Data Modeling for AI Apps: Embeddings and Vectors
Architecture Patterns — Part 7 of 30
The Demo That Lied to You
Here's a story I've watched play out a dozen times in the last two years.
A team builds a killer internal knowledge base. They chunk up the company's Confluence docs, run them through text-embedding-3-small, dump the vectors into a local ChromaDB instance, wire it to GPT-4o, and demo it to leadership on a Tuesday. It's magic. Questions get answered. Executives are delighted. Jira tickets are created.

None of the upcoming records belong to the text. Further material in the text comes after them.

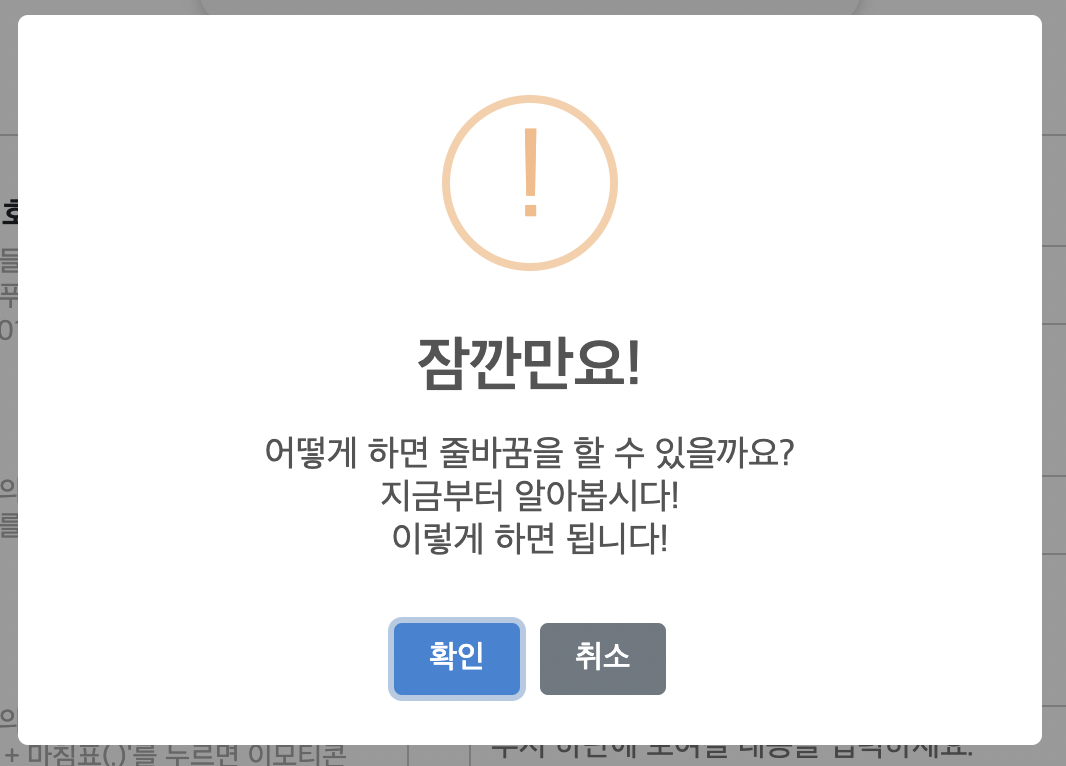 sweetalert 안내 문구에 줄바꿈 넣는 방법에 대해 공유하겠습니다.
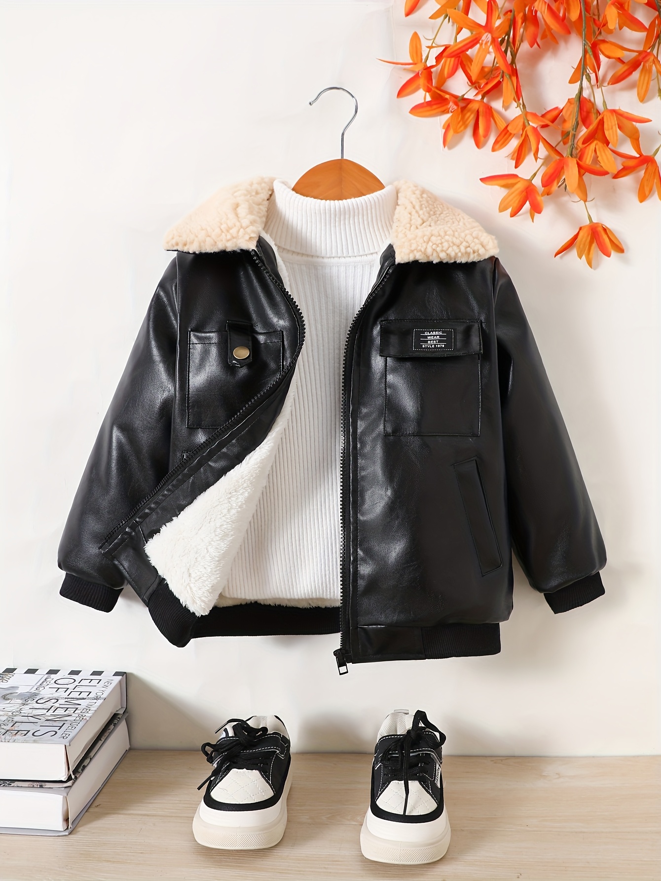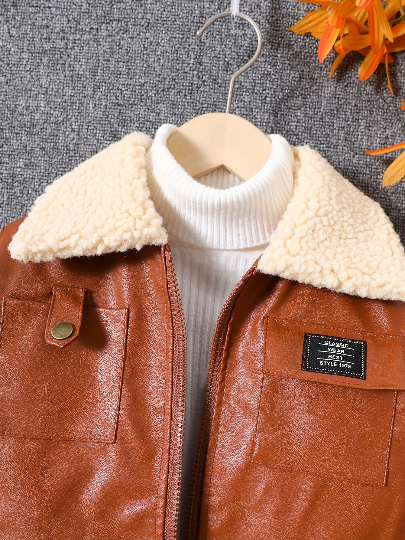 اجعل شتاء طفلك مليئًا بالأناقة والدفء مع جاكيت الأبطال الصغار! تصميم عصري يجمع بين المظهر الجذاب للجلد الصناعي والبطانة الدافئة ليمنح طفلك الحماية المثالية من برودة الجو دون التنازل عن اللمسة الجمالية. مثالي للمغامرات اليومية، المدرسة، أو حتى النزهات العائلية، هذا الجاكيت هو الخيار الأمثل لطفلك الباحث عن الدفء والأناقة في آن واحد.
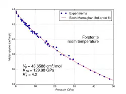 At high pressure, forsterite undergoes a phase transition into wadsleyite; under the conditions prevailing in the Earth's upper mantle, this transformation would occur at pressures of ca. 14–15 GPa.[14] In high-pressure experiments, the transformation may be delayed so that forsterite can remain metastable at pressures up to almost 50 GPa (see fig.).
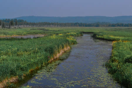 Summer river flows among grassy green banks and trees on the horizon. Morning, haze, slight fog. Russian landscape. Leaves in water
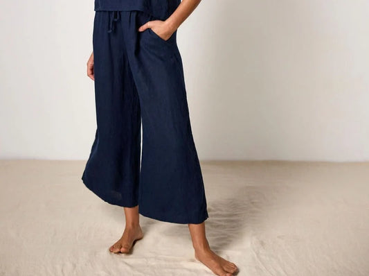 Blusa de lino francesa Bella con cordón ajustable - Azul marino
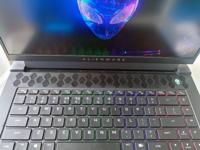 Keyboardnya sendiri memiliki tipe TKL, terdapat tiga zona pencahayaan RGB yang dapat dikonfigurasi oleh pengguna melalui aplikasi alienware command center. Dan yang paling menarik adalah hadirnya empat tombol shortcut tambahan, yakni mute/unmute microphone, mute/unmute volume, serta volume up down.
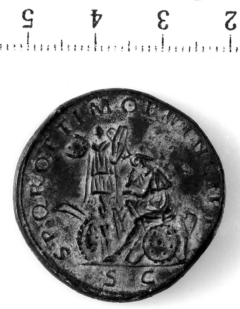D/ Testa laureata di Traiano a d. R/ Dace seduto su armi davanti a trofeo
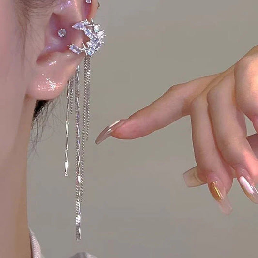 Fashion Elegant Zircon Awn Star Moon Tassel Non-piercing Ear Clip
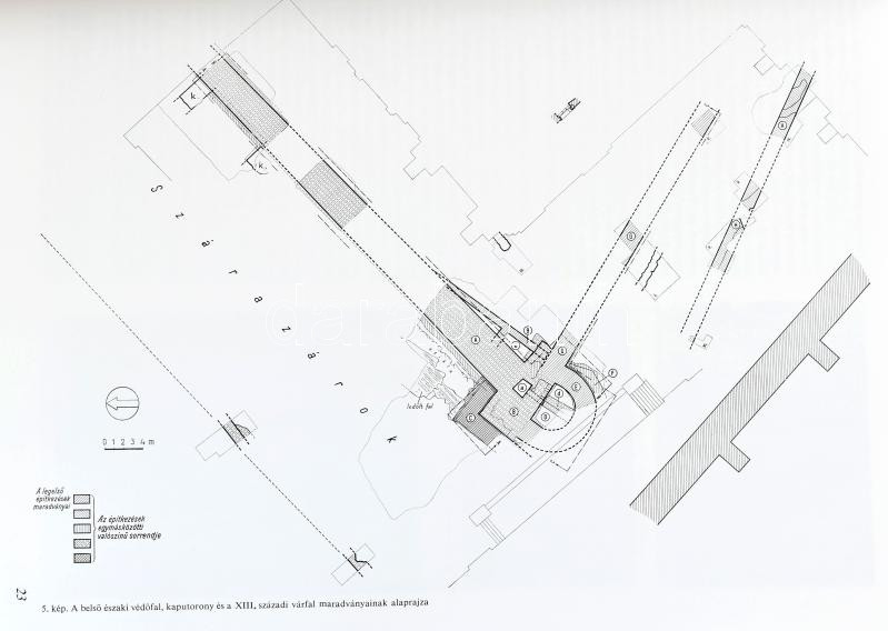 Gerevich László: A budai vár feltárása. Bp.,1966, Akadémiai kiadó, 352 p.+4 (kihajtható melléklettel) t. Számos fekete-fehér szövegközti képpel, ábrával, alaprajzzal, vázlattal illusztrált. A 321. oldaltól fekete-fehér képekkel illusztrált. Kiadói egészvászon-kötés, kiadói papír védőborítóban, a papír védőborítón kopásnyomokkal, de alapvetően jó állapotban. Megjelent 1600 példányban.
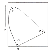 다음 CIE 색상 도표에서 A, B, C 점에 해당하는 색상들이 순서대로 올바르게 나열된 것은?
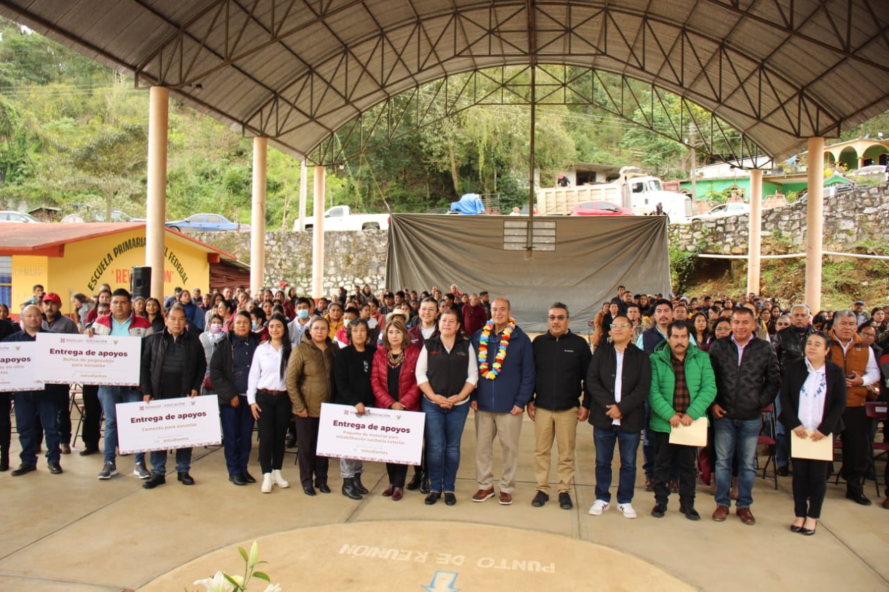 En gira de trabajo por el municipio de Chapulhuacán, el secretario de Educación Pública de Hidalgo, Natividad Castrejón Valdez, visitó la Escuela Primaria Revolución, ubicada en la localidad de San Rafael, en donde entregó infraestructura y materiales de apoyo para la rehabilitación de espacios en escuelas de educación básica y media superior de los municipios de Jacala de Ledezma, Pisaflores y Chapulhuacán.
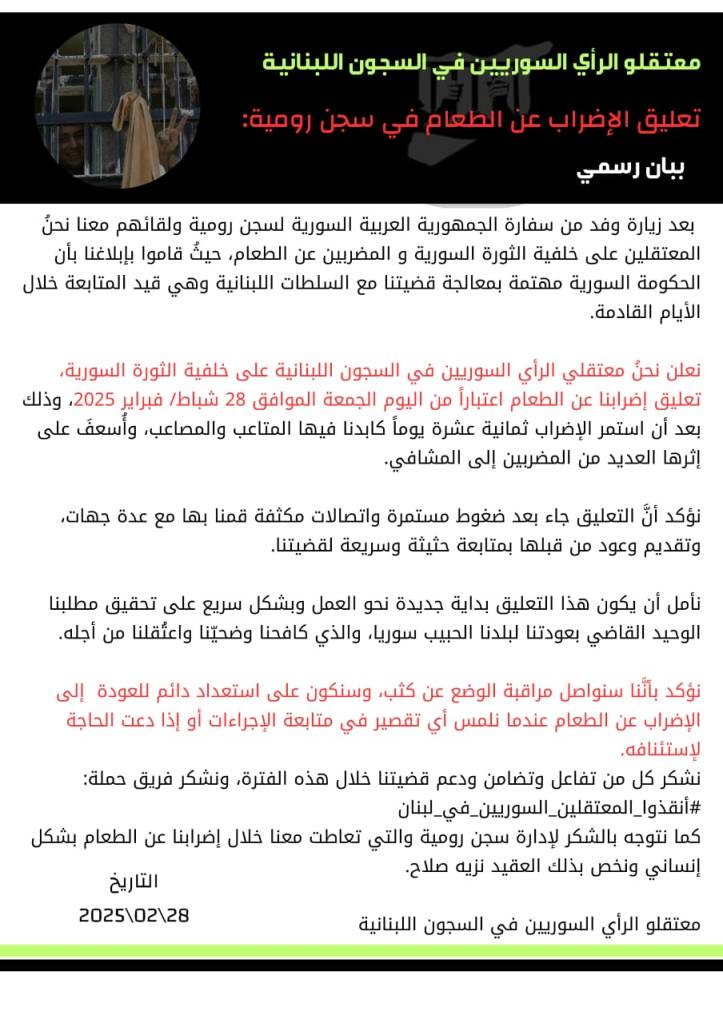 خلال الأسابيع الماضية، دخل عددٌ من معتقلي الرّأي السّوريّين في السّجون اللّبنانيّة، وتحديدًا في سجن روميّة، في إضرابٍ مفتوحٍ عن الطّعام دام ثمانية عشر يومًا. جاء هذا التحرّك احتجاجًا على ما اعتبروه “مماطلةً” و”غيابًا للحلول الجذريّة” لملفّهم، وانقطاع الأفق بشأن تسويةٍ تسمح لهم بالعودة إلى ديارهم. وقد أعلن المعتقلون تعليق إضرابهم عقب زيارةٍ رسميّةٍ قام بها وفدٌ من سفارة الجمهورية العربية السّوريّة إلى سجن روميّة، التقى خلالها عددًا من السّجناء المضربين، وأبلغهم بأنّ الحكومة السّوريّة تتابع مع الجهات اللّبنانيّة المعنيّة سبل معالجة ملفّهم.
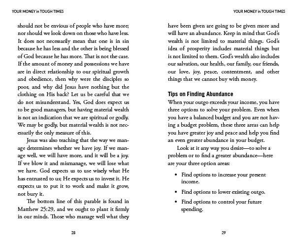 Your Money in Tough Times is a relevant resource—based on spiritual principles—to help you thrive.
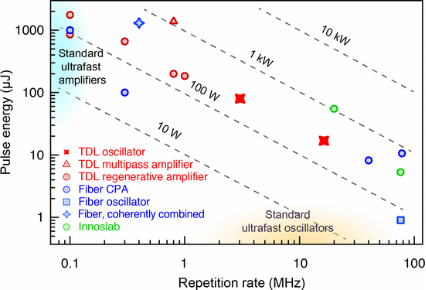 图2. 高峰值功率高重复频率超短脉冲激光器的研究进展。
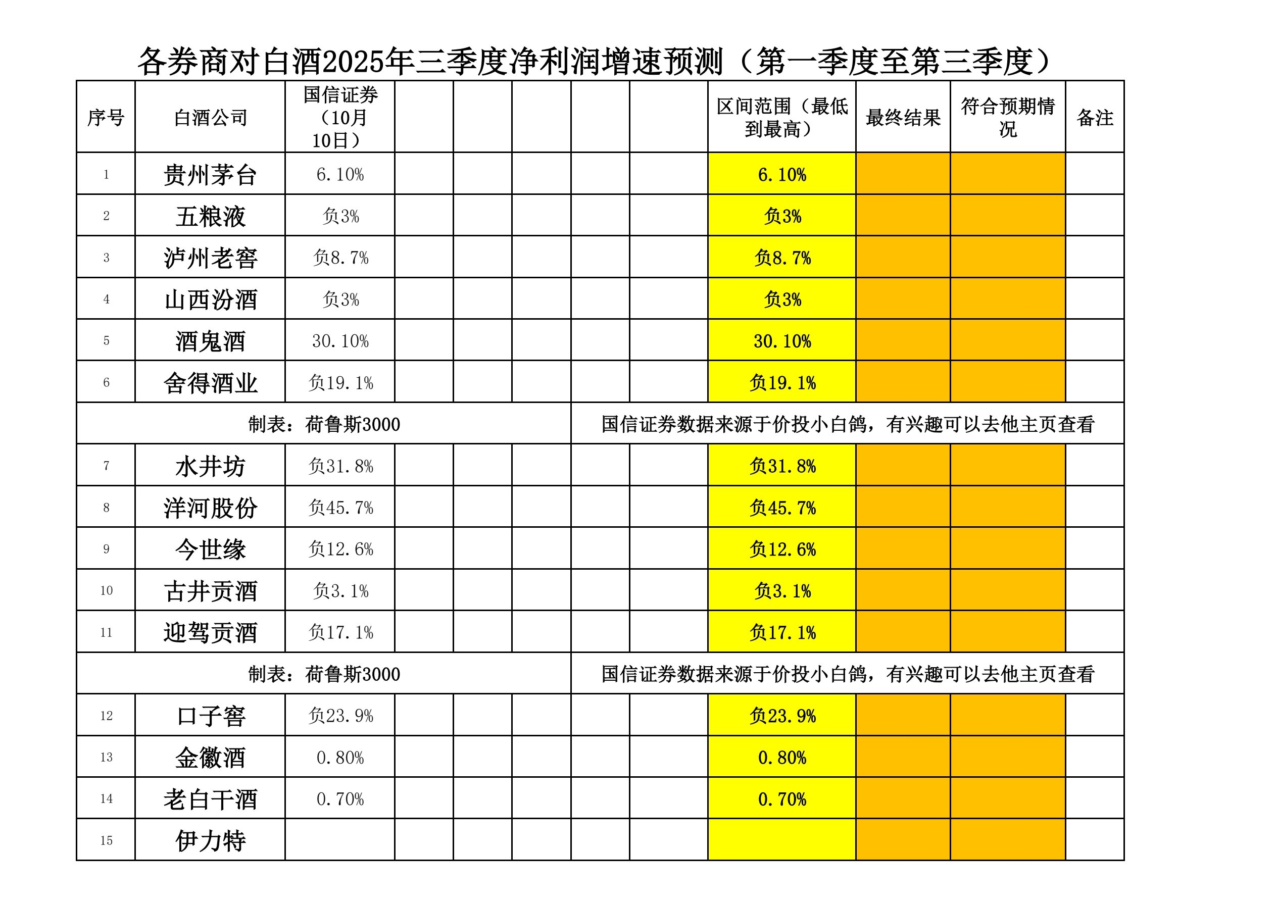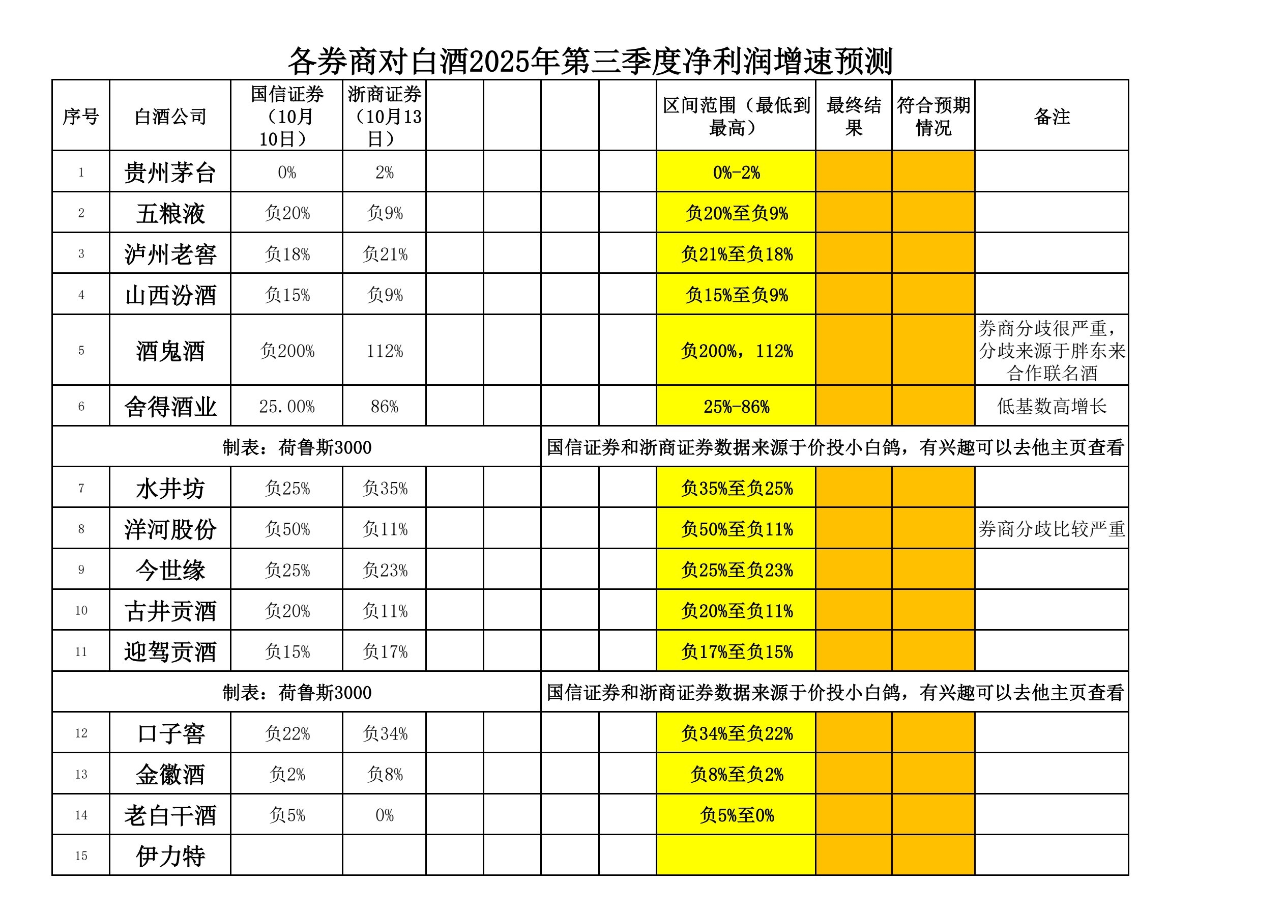 各券商对白酒三季度业绩预测(本帖主页置顶,持续更新中)
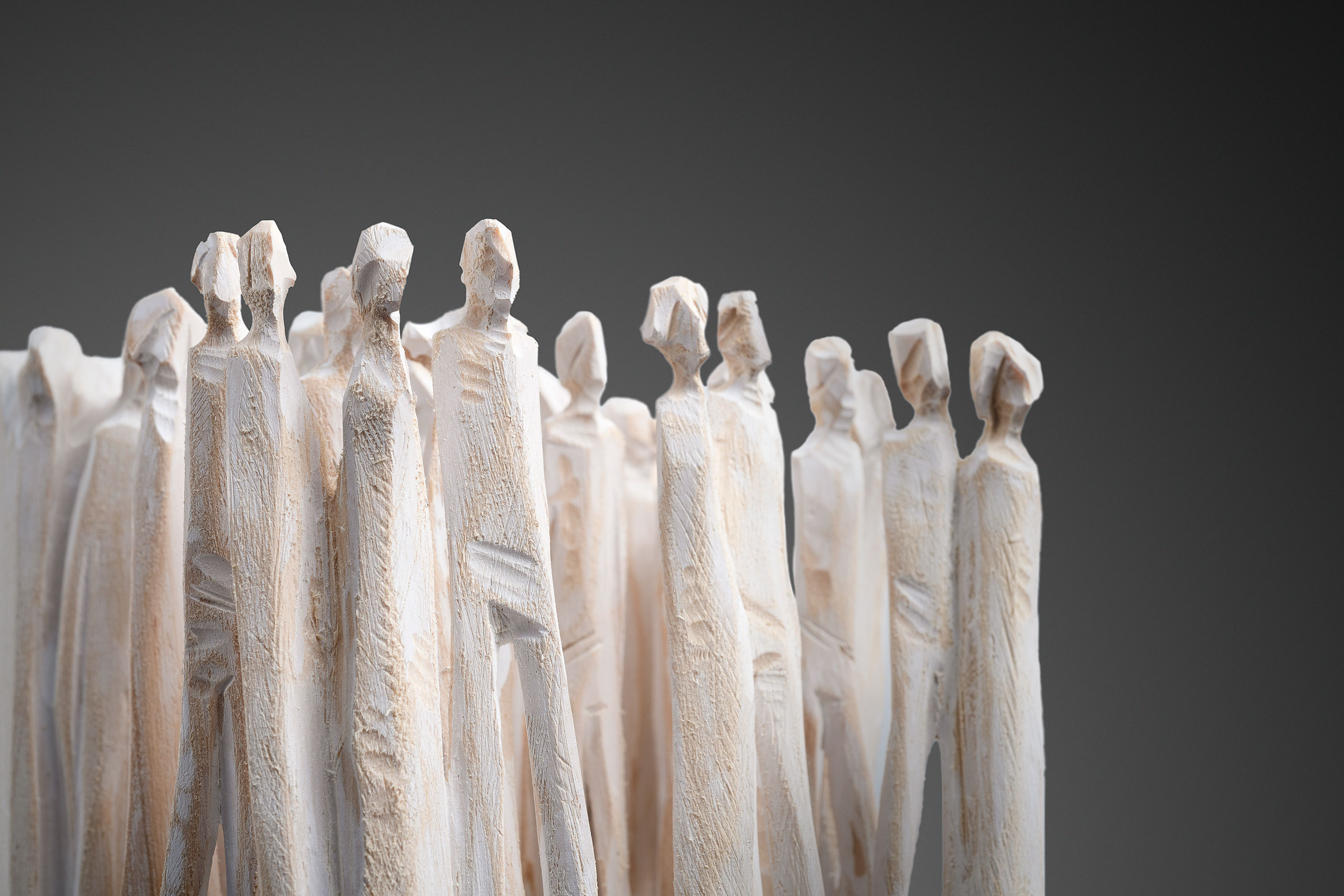 Le opere di Alfons Runggaldier (*1968, Ortisei) parlano di incontro e di dialogo. Con un linguaggio formale sobrio e chiaro, egli condensa l'essenza della vicinanza umana la tensione, la comprensione, la silenziosa forza dell'intervallo che ci unisce e ci separa. Le sue sculture non sono gesti fragorosi, ma segni delicati di relazione: figure che si cercano, che si rivolgono l'una verso l'altra o che rimangono in distanza simboli della convivenza umana. Nel dialogo tra forma e spazio, tra silenzio ed espressione, nascono immagini che vanno oltre il visibile. Nell'arte di Runggaldier l'incontro non è soltanto rappresentato, ma reso percepibile - come invito a riscoprire se stessi e l'Altro.

By Thursday, the thing is in production. By the following Monday, the first complaints roll in.
"It gave me the wrong policy." "It said our refund window is 30 days. It's 14." "It quoted a pricing tier we discontinued two years ago."
The team scrambles. They tweak the prompt. They add more context. They bump k from 3 to 8. Nothing fundamentally changes because the problem isn't the LLM—it's the data model. Specifically, it's that they never made deliberate architectural decisions about how their vectors would be stored, versioned, retrieved, and kept current.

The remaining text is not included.